Take table data volume as an example: If a table runs for a year and the number is less than 100,000, it can be considered as a small table. If the data volume is more than 100,000 to 10 million, it can be considered as a medium table. The amount of data in more than 10 million, can be considered as a large table, then need to consider archiving or horizontal split; If the amount of data is more than 100 million, it must be processed separately with a special architecture.
(2) Unified organization
When the business scale and data scale are small, it can be maintained if there are many different architectures. But as the number of database instances and business modules grows, it becomes important to unify one or a few data architectures. Unifying the architecture organization makes business systems and architectures easier to control and maintain.
(3) Scale control
When the business develops to a certain scale, the database in the underlying architecture must control the scale. An instance and a table should not be too large. If the scale exceeds the agreed size, the strength splitting or table splitting is required to keep the instance and library table in the unified set scale.
Extensibility principle
As application services change over time, the underlying MySQL architecture also needs to be extensible to a certain extent and maintain room for change and expansion to support the development of services.

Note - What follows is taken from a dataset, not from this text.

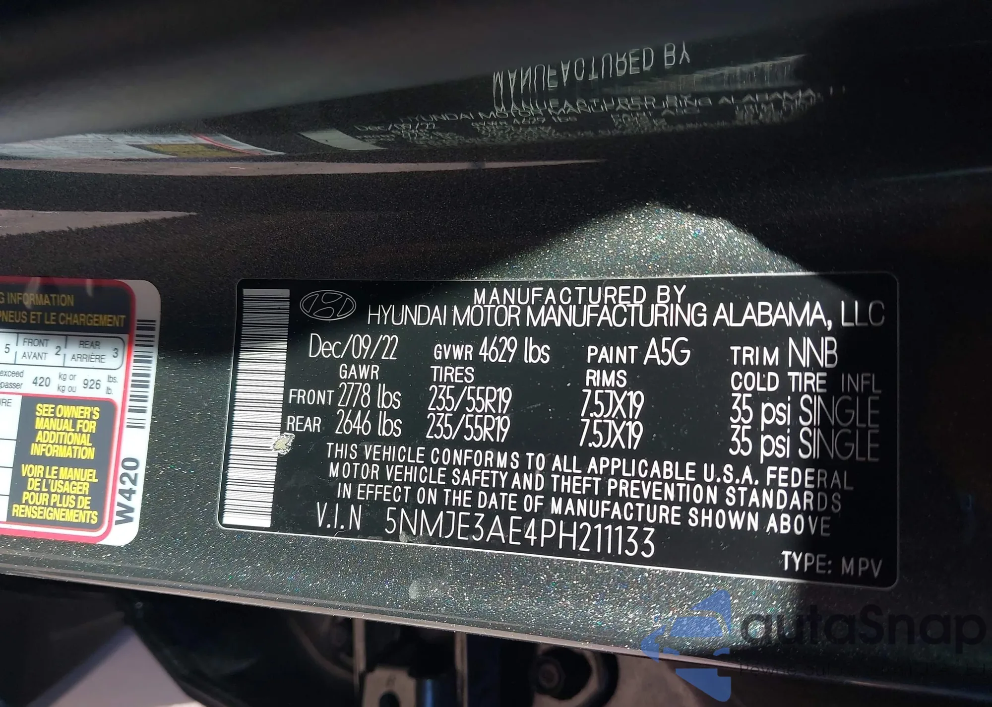 VIN: 5NMJE3AE4PH211133
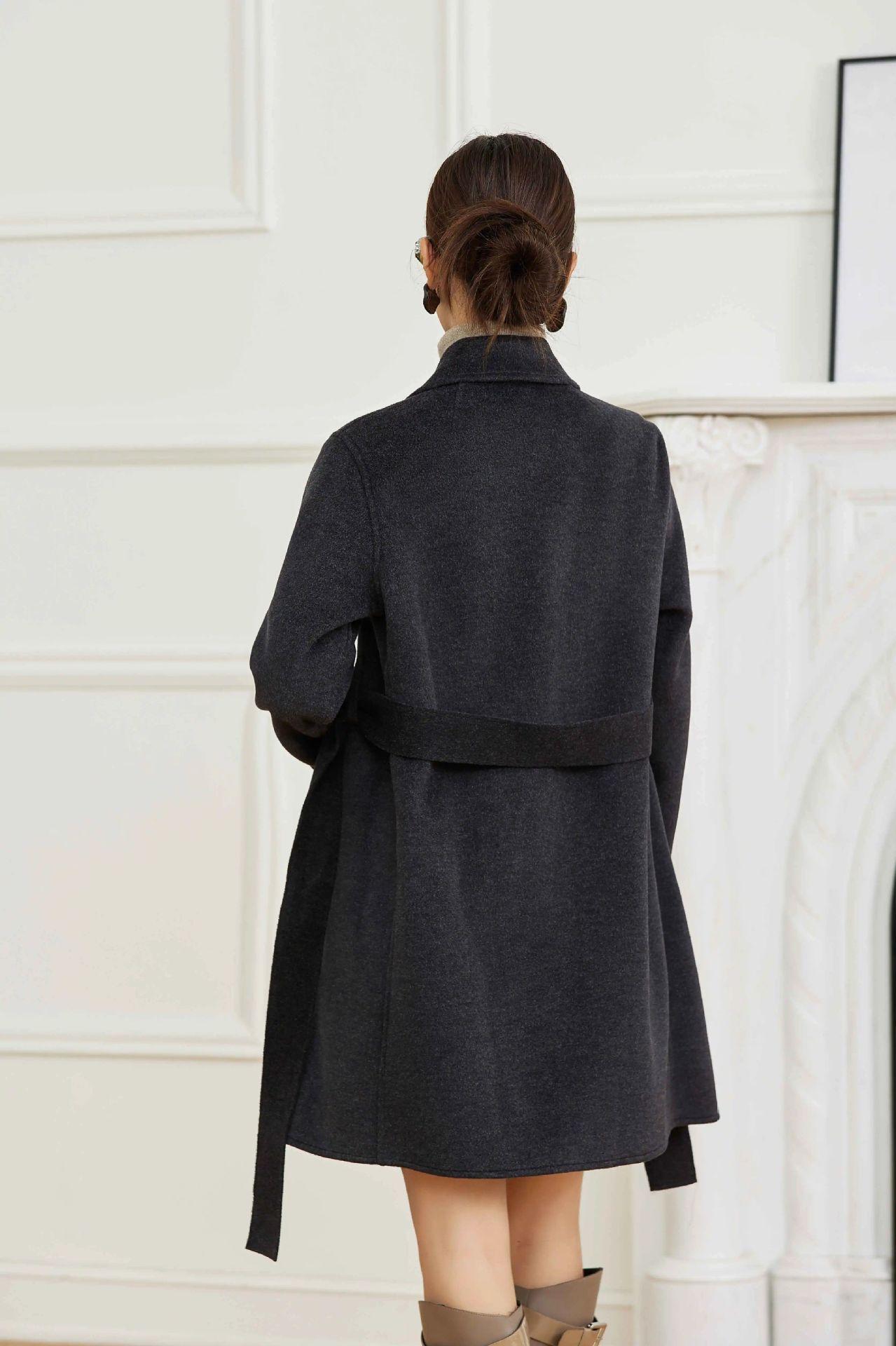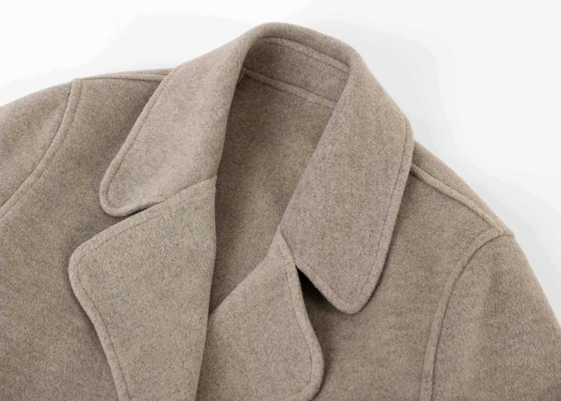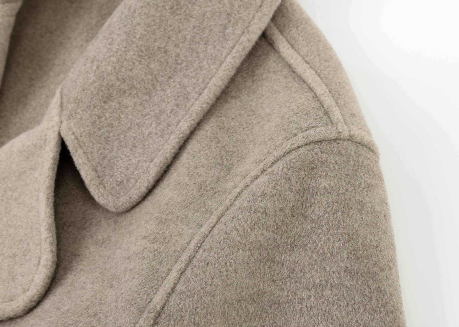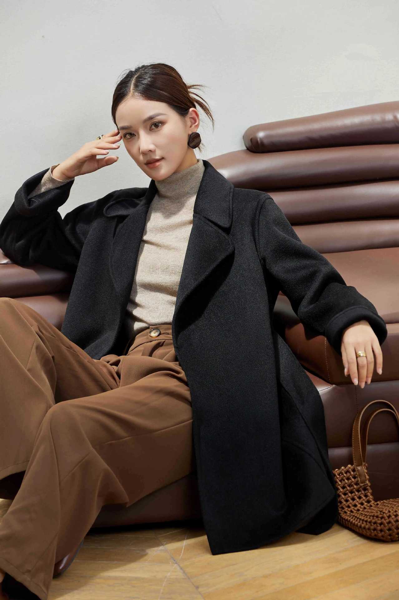 Abrigo Otoño e Invierno Vintage Lana de Oveja Hecho a Mano Largo Medio Estilo Coreano Suelto Abrigo de Cachemira Doble Faz Abrigo de Mujer A2404

(1) Opening up between architectures
It can be seen from the three basic architectures of MySQL, namely, MySQL single-instance architecture →MySQL master-slave master-slave architecture →MySQL MHA high-availability architecture, which are gradually evolving and directly dependent on each other. The subsequent InnoDB Cluster architecture launched by Oracle is also directly related to the evolution of these infrastructures.
The architecture of the other five special requirements can be adjusted from one special architecture to another according to the changes in the special situation as the business classification changes.
(2) OLTP and OLAP
Database systems are generally divided into OLTP and OLAP, but these two requirements need to be supported in the current business system and architecture design. As long as a relatively stable and reliable data flow system is established and the two are connected, the communication between OLTP and OLAP can be easily realized. The business data of OLTP is transmitted to OLAP for statistics, and the statistical results of OLAP are returned to OLTP for display.
(3) Use of new architecture
In addition to the common three infrastructures and five special architectures in MySQL architecture, there are some new technologies and trends to try to improve and solve some problems of the existing architecture, such as InnoDB Cluster technology, which will have a better solution to the expansion and high availability of MySQL.
Although these new technologies are not yet fully stable and mature, it is easy to extend the existing architecture into a new technology architecture to better solve business problems once the new technology architecture is stable and mature.
Afterword.
This paper tries to explain MySQL architecture and business from three aspects: MySQL architecture, business environment classification, and the principle of combining MySQL business and architecture. It hopes to make everyone understand the architecture and business from the perspective of architecture, and to be able to face and solve various business problems at a deeper level by analogy. Some of the details that are not architecturally relevant are not fully explored in this article and will be explained in a future article.